Use these metrics to determine if you need the replication instance to be compute optimized or memory optimized.

Common issues

You might face the following common issues that cause resource contention on the replication instance during migration. For information on the replication instance metrics, see Replication instance metrics.

  • If the memory in a replication instance becomes insufficient, this results in writing data to the disk. Reading from the disk can cause latency, which you can avoid by sizing the replication instance with enough memory.

  • The disk size assigned to the replication instance can be smaller than required. The disk size is used when data in memory spills over; it's also used to store the task logs. The maximum IOPS depends on it too.

  • Running multiple tasks or tasks with high parallelism affects CPU consumption of the replication instance. This slows down the processing of the tasks and results in latency.

Best practices

Consider these two most common best practices when sizing a replication instance. For more information, see Best practices for AWS Database Migration Service.

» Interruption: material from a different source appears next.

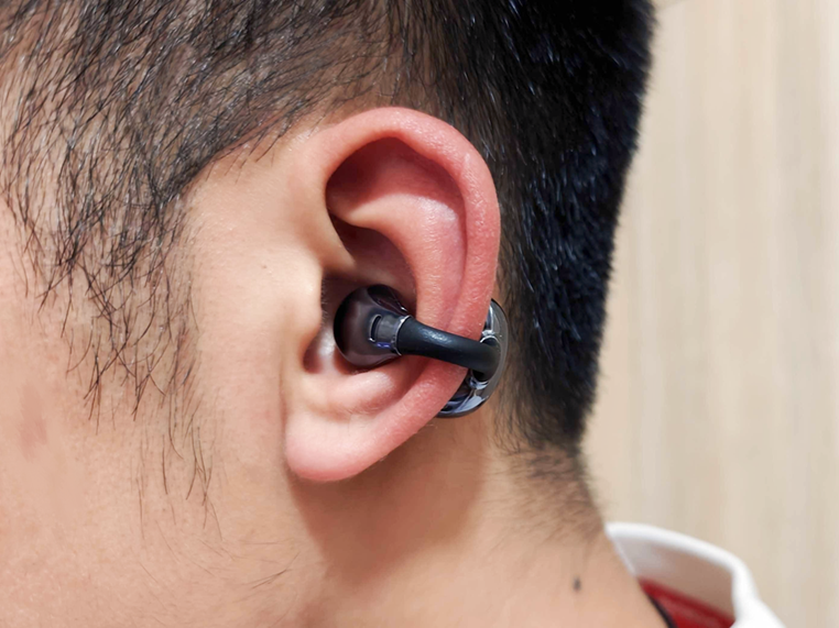 只需轻撑弧形臂,滑入耳廓,微调至发声孔正对耳道即可完成佩戴。位置正确的话,即使剧烈运动也牢固可靠。对油耳用户来说,这种开放结构让耳朵保持清爽洁净。

  1. Size your workload and understand if it's computer-intensive or memory-intensive. Based on this, you can determine the class and size of the replication instance:

    • AWS DMS processes LOBs in memory. This operation requires a fair amount of memory.

    • The number of tasks and the number of threads impact CPU consumption. Avoid using more than eight MaxFullLoadSubTasks during the full load operation.

  2. Increase the disk space assigned to the replication instance when you have a high workload during full load. Doing this lets the replication instance use the maximum IOPS assigned to it.

The preceding guidelines don't cover all possible scenarios. It's important to consider the specifics of your particular use case when you determine the size of your replication instance.

The preceding tests show CPU and memory vary with different workloads. Particularly, LOBs affect memory, and task count or parallelism affect the CPU. After your migration is running, monitor the CPU, freeable memory, free storage, and IOPS of your replication instance. Based on the data you gather, you can size your replication instance up or down as needed.